In contrast, reform-averse preferences were prevalent at all levels of the civilian institutions, complicating the civilian state-building track even further.30 The aversion toward reform reflected both legitimate Afghan reservations toward adopting Western bureaucratic models and norms and more malevolent preferences toward maintaining opaque, dysfunctional, and unaccountable practices to maintain space for corruption and patronage.31 Of course, corruption has undercut the capacity-building effort in both the military and civilian tracks. There is neither sufficient nor valid data to adequately compare the levels of corruption in the military and civilian spheres. But an approximation, based in part on experience and national perceptions of the high credibility of the ANA vis-à-vis the strained public support for most government institutions,32 tends toward expecting more corruption within the latter. If corruption was a larger obstacle in the civilian state-building track than in the military track, it should have reinforced the civil-military gap.

Risks to Afghanistan’s Political Development post-2014

Afghanistan’s civil-military imbalance may have decisive consequences for its political future after 2014. The ANA is poised to become a dominant actor in the state formation of post–International Security Assistance Force (ISAF) Afghanistan.33 Checked by ineffective civilian institutions, marked by fragile professionalism and cohesion, and confronting a host of internal and deeply politicized security threats, the military will become politicized—through politicizing pressures from outside factions vying for control, by direct political action by the military, or by being perceived by parts of Afghanistan’s heterogeneous population as a subjective party in a politically charged crisis.
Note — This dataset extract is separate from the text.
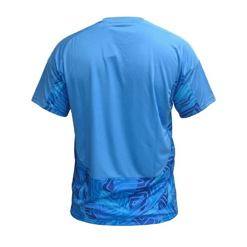 A parte inferior e as laterais trazem grafismos em diferentes tonalidades de azul, adicionando movimento e destaque ao uniforme. Já a parte traseira mantém o visual mais limpo, reforçando a proposta moderna do modelo.

Despite the civil-military imbalance and the politicization of the ANA, Afghanistan’s civil-military relations can still be conducive to a democratic and stable development. It depends on the political role of the military—will it be supportive of democratization or undermine it?

One plausible post-2014 scenario is that a stronger president, newly elected and less constrained due to the international withdrawal, tightens his grip on the military to use it as a blunt instrument to monopolize political power. Afghan history is full of examples of this, such as the Iron Amir, Abdual Rahman, who sought to centralize power in Kabul via a brutal use of the armed forces. An important counterweight to this scenario is that if the equilibrium in the distribution of power among Afghanistan’s ethnic factions within the security apparatus is undercut, it would most likely have destabilizing ramifications. All serious Afghan political leaders are aware of this. The current arms buildup among Tajik groups in the North serves as both a reminder of this lesson and a deterrent against Pashtun-led brinkmanship or power grabs in Kabul.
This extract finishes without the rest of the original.